Dirty Looks & Door Handles

So we are driving home from Virginia... and we are at the three hour point, and everyone is getting kinda crazy and loud and annoying so we decide to stop in Delaware at a Wa-Wa.

If you're not familiar with the humongous gas stations that are called Wa-Wa... picture like 30 gas pumps and a grocery store attached to it... like huge.

So Husband is pumping gas, and Boyfriend is dumping his Gatorade bottle full of pee, and Girlfriend is putting her shoes on, and there is a man that stopped his car just to marvel at our circus, and the Baby's freaking shoes are lost in the abyss that is a road trip car....

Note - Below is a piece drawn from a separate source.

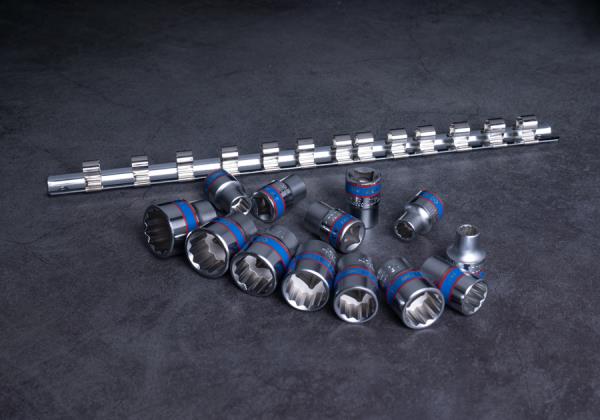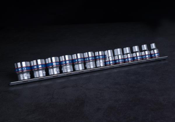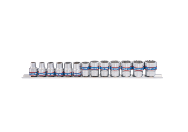 Zestaw 13 nasadek 3/8″ King Tony na szynie długości 290 mm. Szyna łatwa w montażu na ścianie. W zestawie krótkie nasadki 12-kątne w rozmiarach: 7, 8, 9, 10, 11, 12, 13, 14, 15, 16, 17, 18, 19 mm. Karta produktu – 3013MR
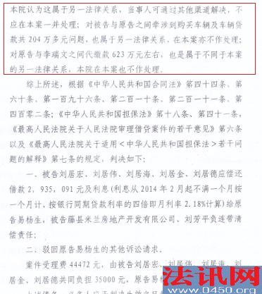 其实这几笔借款共1700万元,易杨生分几次起诉。藤县法院在同一天下达4份的判决书都提到1700万元,也提及有还款情况,但法院均不认真计算还款总额达4千多万的资金往来,包括李瑞文代缴623万元的款项,法院认为是另一层法律关系不作处理,法院不认可还款让刘芳平等起诉,难道是为了收取起诉费还是另有什么鬼?!

Can you picture this? We were a hot mess.

So I'm sweating, digging through piles of coloring books and discarded clothes, because apparently we must strip on our road trips, and finally I give up and say to Husband, "You bring the Baby, I'll take the Big Kids."

So I grab Boyfriend and Girlfriend by their wrists, because like I said, we are at Wa-Wa and the place is a freaking mad house... so I'm walking all fast and purposeful, like a Mom on a Mission does, ya know... and I'm all:

"You get one snack, and don't sit on the toilet seat, and don't touch the walls, and don't peak under other people's stalls and don't stare at strangers..."

And my Girlfriend, of course, is not paying attention to me...

I let go of her hand to grab the door handle, and she walks over to the window to look at a poster.

And because this is my life, and we know it is ridiculous...

At the EXACT moment that I swing that door open... hard as fucking Hell... my Girlfriend turns around... and I nearly knock her head off.

I hit that kid in the head with the door so freaking hard, it is amazing it didn't knock her ass out.

This happened two weeks ago and I can still see her head swing backwards when I close my eyes... and it still makes me laugh.

I'm a terrible person.

(Side note: I googled "kid getting hit in the face with door" to try to find a video of what it looked like... and this video is pretty much exactly what happened to my Girlfriend... except with the door handle.)

So anyway, I duff my kid in the face with the door handle as hard as I fucking can, and she kinda blinks once or twice and shakes it off, like: "I'm fine, I'm fine."

And she was!

She is super resilient and tough...

And also?? She doesn't believe in wasting time being hurt when she could be picking out gas station snacks...she is my daughter after all.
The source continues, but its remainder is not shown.